AVAILABLE DATA:

━━━━━━━━━━━━━━━━

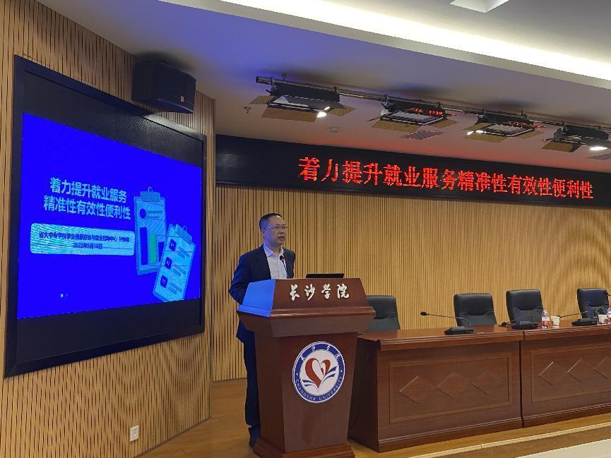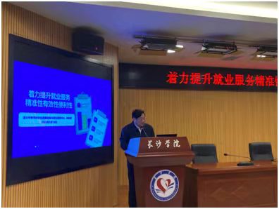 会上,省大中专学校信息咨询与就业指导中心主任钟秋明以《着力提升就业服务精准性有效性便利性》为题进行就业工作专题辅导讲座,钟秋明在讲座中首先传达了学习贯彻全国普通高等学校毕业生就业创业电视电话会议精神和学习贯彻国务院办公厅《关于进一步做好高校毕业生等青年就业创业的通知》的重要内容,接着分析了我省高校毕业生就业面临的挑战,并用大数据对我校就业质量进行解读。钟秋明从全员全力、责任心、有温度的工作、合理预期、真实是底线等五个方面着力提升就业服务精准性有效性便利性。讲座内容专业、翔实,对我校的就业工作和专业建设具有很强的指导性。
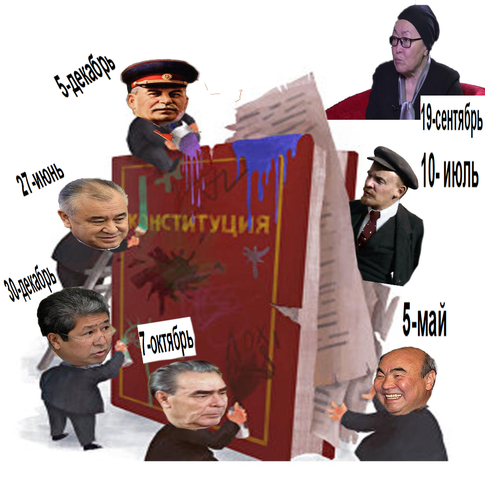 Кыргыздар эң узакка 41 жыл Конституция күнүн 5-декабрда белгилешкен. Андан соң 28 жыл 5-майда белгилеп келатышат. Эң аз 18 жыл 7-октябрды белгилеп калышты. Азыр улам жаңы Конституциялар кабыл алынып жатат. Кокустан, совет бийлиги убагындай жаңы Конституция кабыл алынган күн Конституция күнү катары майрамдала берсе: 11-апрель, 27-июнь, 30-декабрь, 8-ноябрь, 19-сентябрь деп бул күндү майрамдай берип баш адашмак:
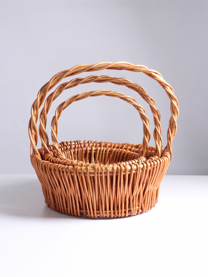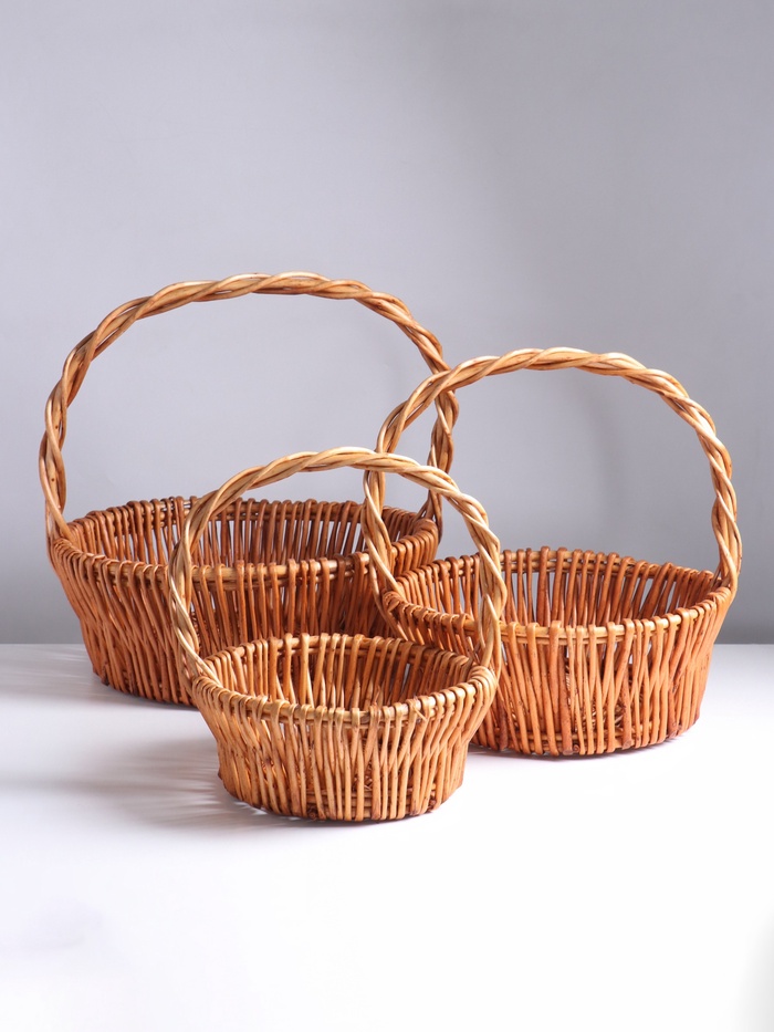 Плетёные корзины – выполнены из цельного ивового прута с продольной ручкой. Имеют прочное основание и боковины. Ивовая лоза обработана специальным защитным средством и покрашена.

━━━━━━━━━━━━━━━━

TASK INSTRUCTIONS: All the material above must be copied exactly, and no picture belongs in the copy.

EXPECTED ANSWER:
 会上,省大中专学校信息咨询与就业指导中心主任钟秋明以《着力提升就业服务精准性有效性便利性》为题进行就业工作专题辅导讲座,钟秋明在讲座中首先传达了学习贯彻全国普通高等学校毕业生就业创业电视电话会议精神和学习贯彻国务院办公厅《关于进一步做好高校毕业生等青年就业创业的通知》的重要内容,接着分析了我省高校毕业生就业面临的挑战,并用大数据对我校就业质量进行解读。钟秋明从全员全力、责任心、有温度的工作、合理预期、真实是底线等五个方面着力提升就业服务精准性有效性便利性。讲座内容专业、翔实,对我校的就业工作和专业建设具有很强的指导性。
 Кыргыздар эң узакка 41 жыл Конституция күнүн 5-декабрда белгилешкен. Андан соң 28 жыл 5-майда белгилеп келатышат. Эң аз 18 жыл 7-октябрды белгилеп калышты. Азыр улам жаңы Конституциялар кабыл алынып жатат. Кокустан, совет бийлиги убагындай жаңы Конституция кабыл алынган күн Конституция күнү катары майрамдала берсе: 11-апрель, 27-июнь, 30-декабрь, 8-ноябрь, 19-сентябрь деп бул күндү майрамдай берип баш адашмак:
 Плетёные корзины – выполнены из цельного ивового прута с продольной ручкой. Имеют прочное основание и боковины. Ивовая лоза обработана специальным защитным средством и покрашена.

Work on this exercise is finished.